(The data Opens)

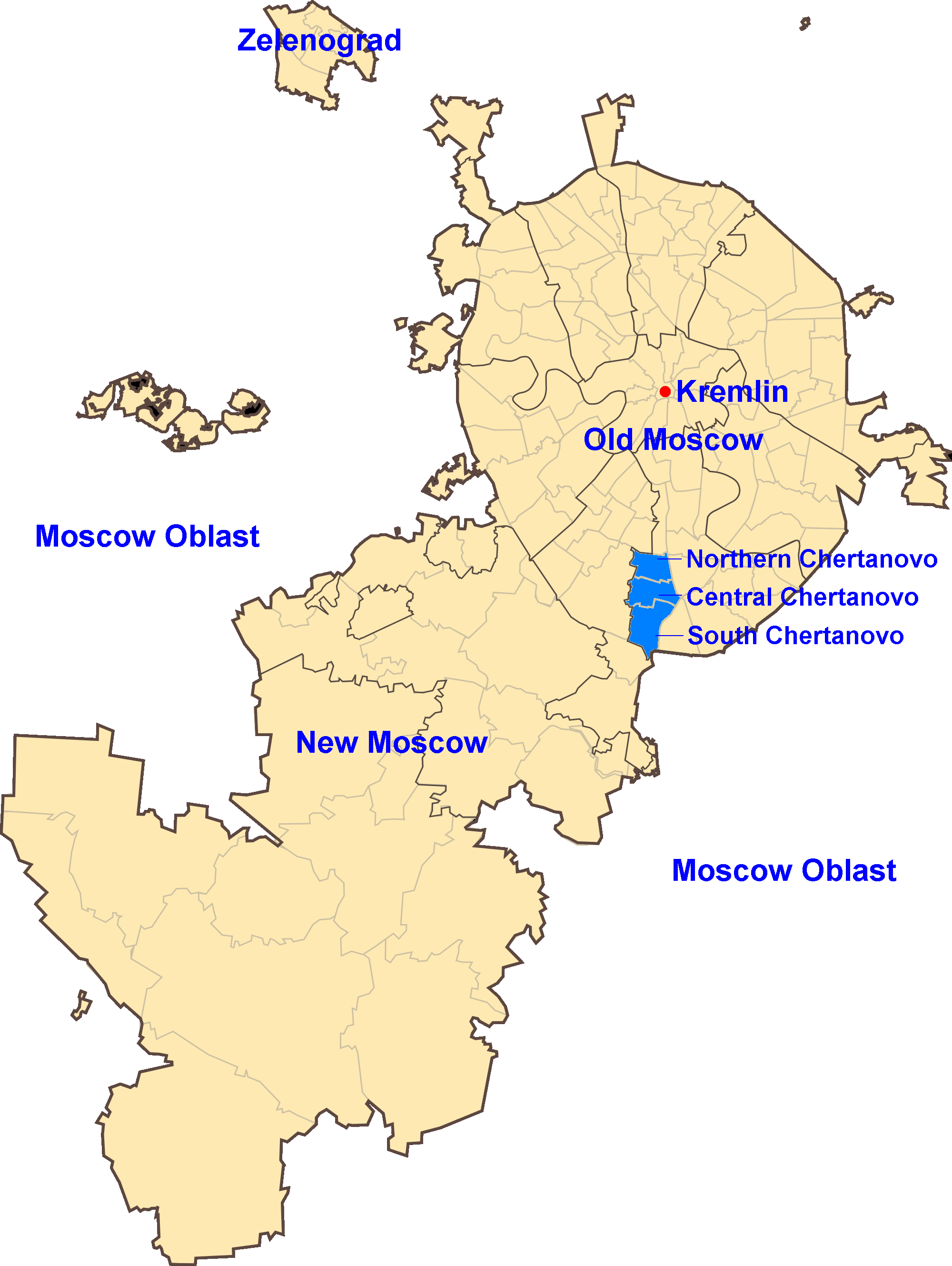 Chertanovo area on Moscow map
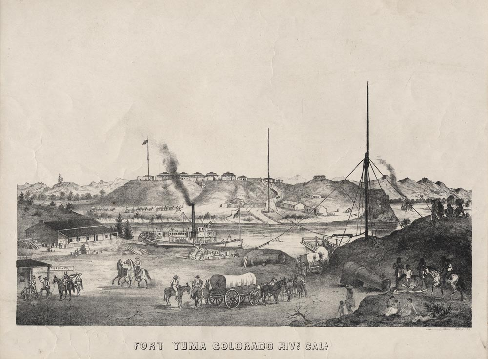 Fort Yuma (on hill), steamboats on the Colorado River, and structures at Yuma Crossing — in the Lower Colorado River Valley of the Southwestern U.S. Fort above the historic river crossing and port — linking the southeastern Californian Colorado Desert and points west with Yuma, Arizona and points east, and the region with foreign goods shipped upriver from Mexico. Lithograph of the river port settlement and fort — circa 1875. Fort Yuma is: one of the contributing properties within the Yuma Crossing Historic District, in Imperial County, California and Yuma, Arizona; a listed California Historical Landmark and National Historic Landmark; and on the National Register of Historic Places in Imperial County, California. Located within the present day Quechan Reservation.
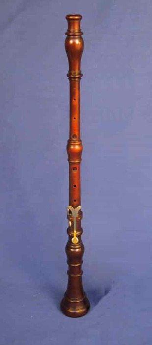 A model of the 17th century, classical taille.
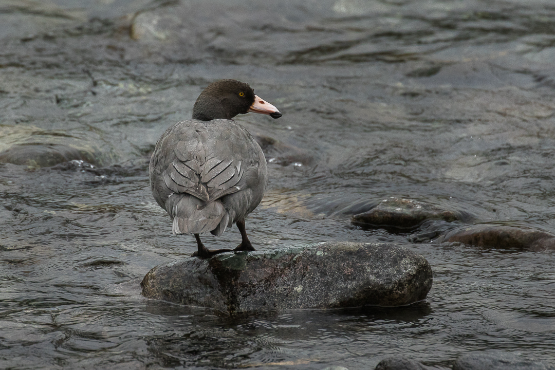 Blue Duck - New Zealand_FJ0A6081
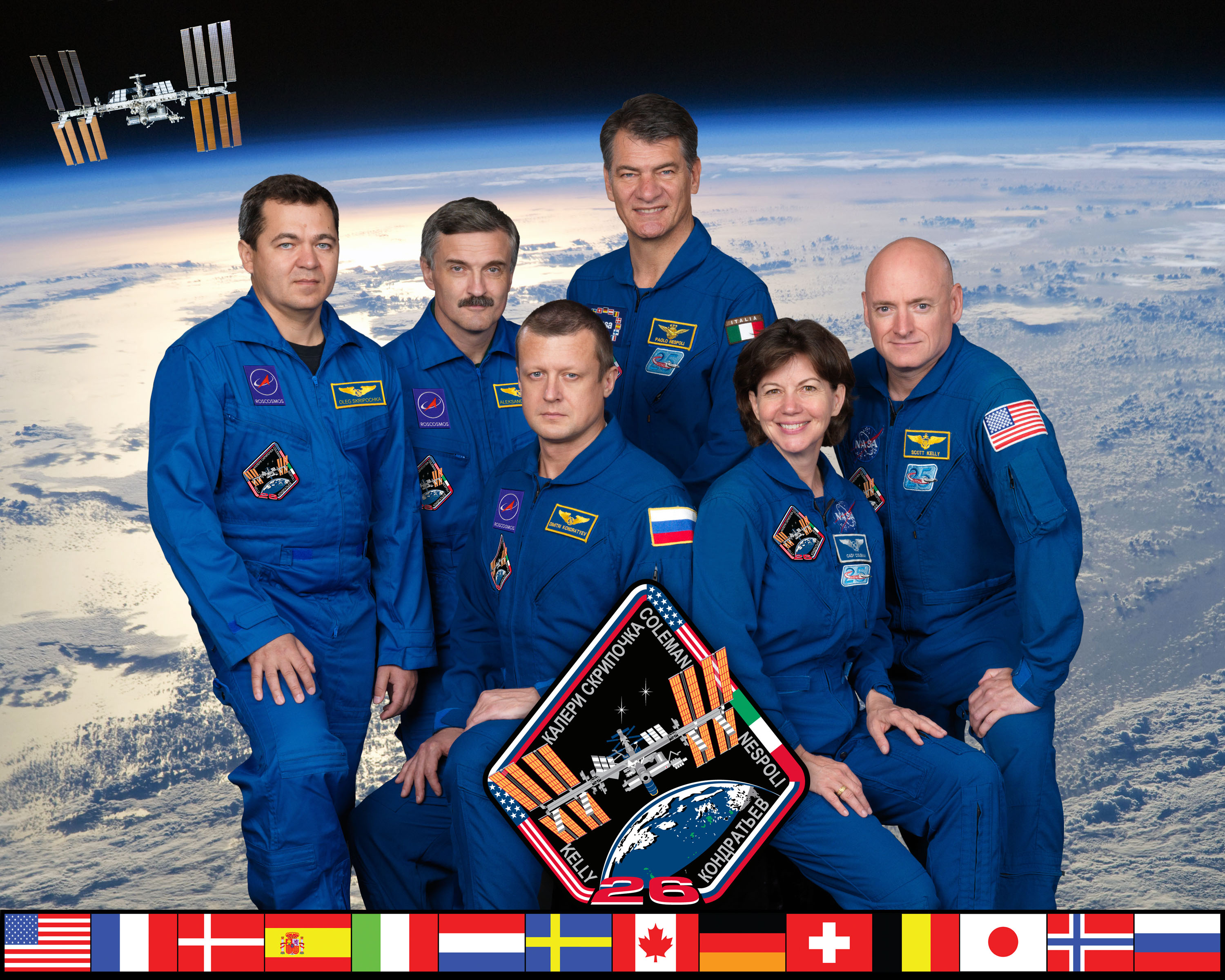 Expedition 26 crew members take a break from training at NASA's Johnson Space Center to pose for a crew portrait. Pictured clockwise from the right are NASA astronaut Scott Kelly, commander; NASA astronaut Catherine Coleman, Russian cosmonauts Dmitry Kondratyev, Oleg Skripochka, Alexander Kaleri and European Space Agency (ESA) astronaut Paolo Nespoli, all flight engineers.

(The data Closes)
(The data Opens)

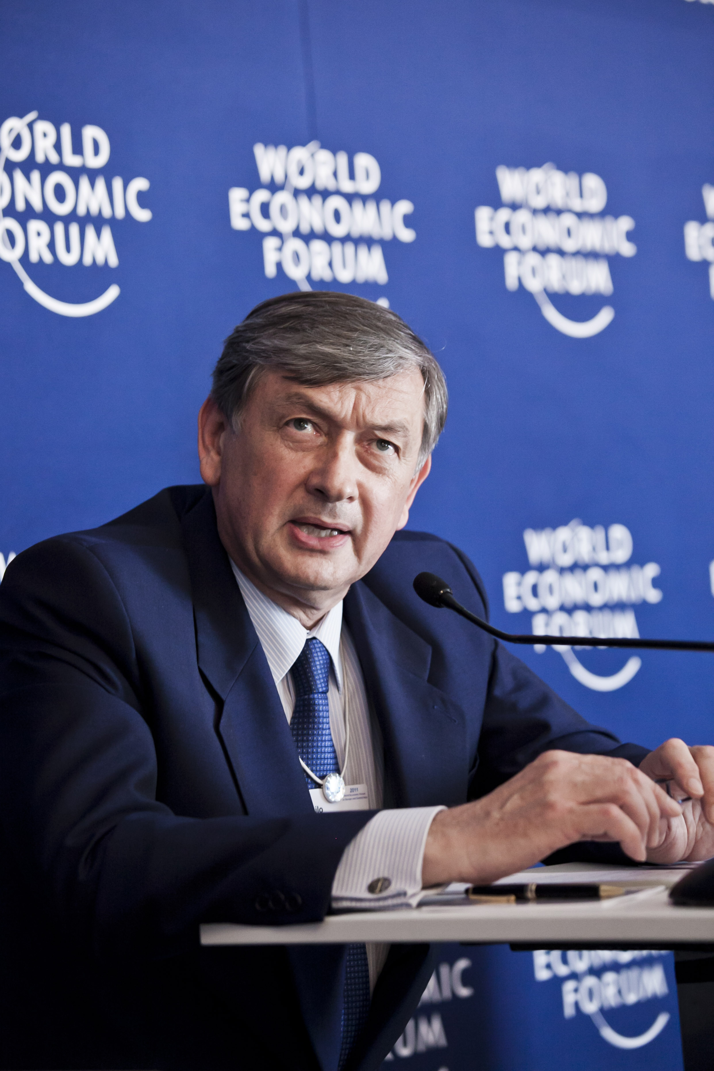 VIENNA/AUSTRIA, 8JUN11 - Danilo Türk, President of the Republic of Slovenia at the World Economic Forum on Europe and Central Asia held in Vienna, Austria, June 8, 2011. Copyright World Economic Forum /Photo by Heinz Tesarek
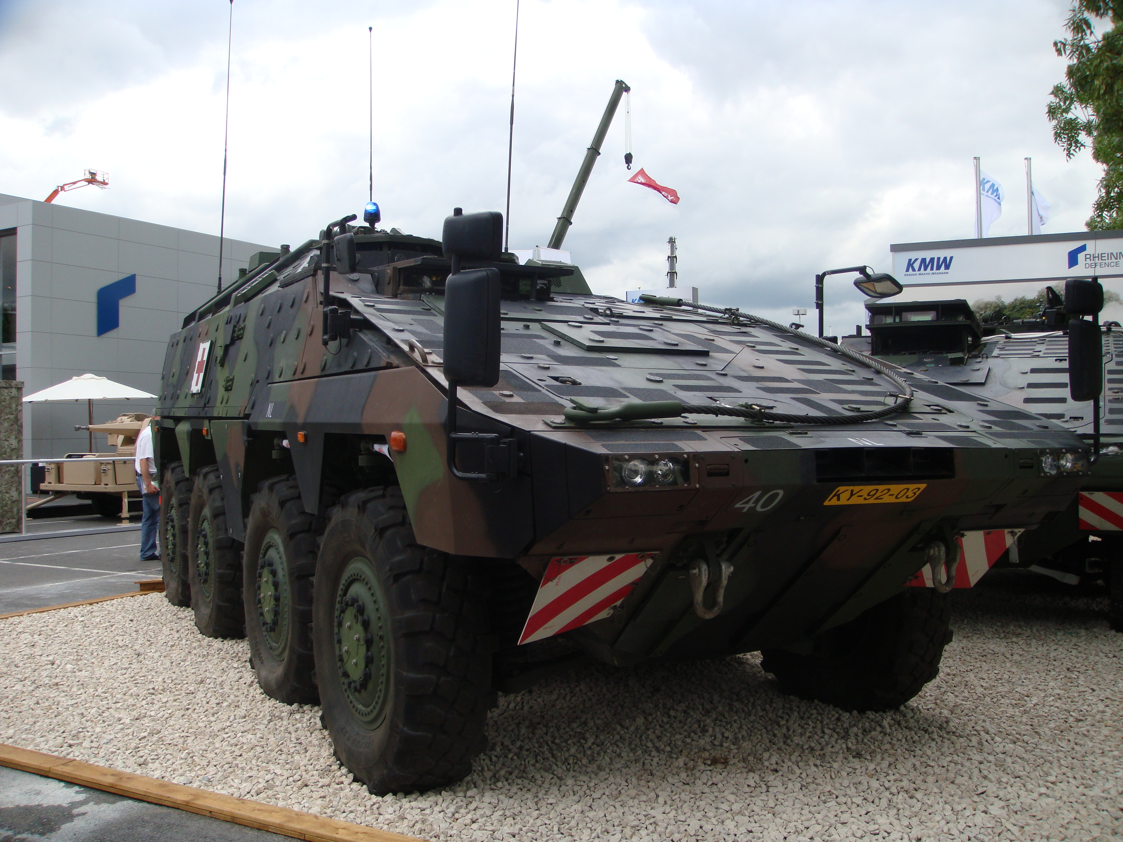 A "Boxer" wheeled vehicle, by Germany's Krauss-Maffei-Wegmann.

(The data Closes)

=== What you will do ===
Starting at the line containing "Blue Duck - New Zealand_FJ0A6081" and stopping at the line containing "Expedition 26 crew", output every line above exactly, both ends included, with pictures omitted.

=== Response box ===
 Blue Duck - New Zealand_FJ0A6081
 Expedition 26 crew members take a break from training at NASA's Johnson Space Center to pose for a crew portrait. Pictured clockwise from the right are NASA astronaut Scott Kelly, commander; NASA astronaut Catherine Coleman, Russian cosmonauts Dmitry Kondratyev, Oleg Skripochka, Alexander Kaleri and European Space Agency (ESA) astronaut Paolo Nespoli, all flight engineers.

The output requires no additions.